Die bei der kommenden Volksbefragung vom 20. Jänner ausschließlich zur Wahl stehenden Alternativen „Wehrpflicht oder Berufsheer“  charakterisieren die Flachheit der aktuellen Sicherheitspolitik. Unsere besondere geopolitische Situation und der neutrale Status böte uns einen weit darüber hinausgehende Spielraum. Anstatt ihn entschlossen zu nutzen, führt die gegenwärtige Debatte zur weiteren friedenspolitischen Inaktivität.

Schon in den letzten 20 Jahren war das sichtbar. Wo etwa blieben die mutigen außenpolitischen Initiativen der Nahostpolitik Kreiskys?  Wo die nötigen Anstrengungen zu einer Reform der UNO, der wir dann als glaubwürdiger „Weltordnungsmacht“, auch Soldaten zur Verfügung stellen könnten? Wo der Aufbau international einsetzbarer ziviler Friedensdienste? Wo die Bemühung,  unseren Beitrag  zur Entwicklungspolitik auf die von der OECD geforderten 0,7 % BIP anzuheben? Usw.

Was ein Land ohne Armee zum Frieden beitragen kann, zeigte Costa Rica im Mittelamerika-Friedensprozess der 1980er Jahre. 1949 schaffte der Kleinstaat  die Armee ab und investierte stattdessen in das Bildungs- und Gesundheitswesen. Dies führte mit zu einem relativen Wohlstand, der sich auch im Prädikat ausdrückt „die Schweiz Lateinamerikas“ zu sein.  Und eben weil es nicht militarisiert war, unternahm das Land große politische Anstrengungen um seine Nachbarschaft nach dem Sturz der Somoza-Diktatur in Nicaragua (1979) zu befrieden. Zu Recht wurde dieses erfolgreiche Unternehmen  nach dem Präsidenten von Costa Rica, „Arias-Sanchez-Plan“ genannt.
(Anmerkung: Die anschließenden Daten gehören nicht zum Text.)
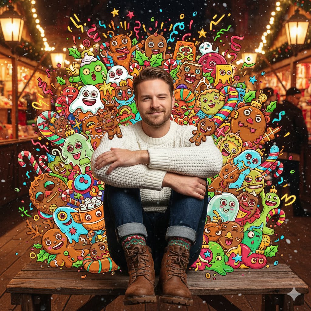"{"subject":{"type":"the person from the reference photo ONLY","identity_restriction":"Do NOT use any traits, gender, clothing or body features from previous prompts. Use ONLY the face, body type, and identity from the reference photo.","pose":"sitting on a wooden market bench with knees pulled up and arms wrapped around them, giving a cheerful wink","expression":"warm, festive, friendly"},"appearance":{"match_reference":"Facial structure, hairstyle, and overall appearance must EXACTLY match the reference photo","hair":"same hairstyle as reference photo","clothing":{"style":"winter outfit inspired by reference, adapted for Christmas market","top":"cozy winter jacket or sweater (match reference photo colors if possible)","bottom":"neutral comfortable pants or shorts depending on reference","socks":"winter socks","shoes":"winter boots"}},"environment":{"setting":"outdoor Christmas market","details":"twinkle lights, wooden stalls, warm hanging lanterns"},"lighting":{"type":"warm golden fairy-light glow","mood":"cozy, festive, romantic"},"camera":{"angle":"low-to-mid angle","lens_effect":"slight wide-angle with warm bloom","framing":"subject centered among Christmas lights"},"art_overlay":{"style":"maximalist Christmas sweets-monster pop-art","illustrated_elements":{"monsters":"gingerbread goblins, candy-cane worms, snowball blob creatures, hot-cocoa monsters with melting marshmallow faces, cookie reindeer, tiny ornament gremlins, eggnog ghosts, fruitcake beasts","graphic_shapes":"neon stars, snowflakes, sparkles, swirls, drips, zigzags, holly leaves, ribbon curls, comic bursts without text","style":"flat neon holiday palette (red, green, gold, icy blue, pink, lime) with thick black outlines"},"placement_and_density":{"behind_subject":"background filled with overlapping Christmas monsters and shapes","around_subject":"monsters peeking from behind shoulders, around boots, near hair, above the bench","over_clothing":"some gingerbread creatures cling to clothing","avoid_skin":"face and hands remain fully photorealistic","depth_layers":"heavy layering front and back for strong pop-art depth","energy_effects":"glowing rim lights, falling stylized snow, neon speed lines"}},"style":{"overall":"cozy Christmas market portrait overwhelmed by neon festive monsters","aesthetic":"warm, chaotic, holiday-playful, surreal"}}"

Die erwünschte Binnenpazifizierung Europas darf nicht mit einer zunehmenden Aussenaggression erkauft werden! Beim neokolonialen Projekt  eines militarisierten Europäischen Imperiums sollen  wir weder mit einem Berufsheer noch mit einer Wehrpflichtarmee dabei sein.

Franz Sölkner ist Aktivist der Steirischen Friedensplattform und Mitglied von Pax Christi.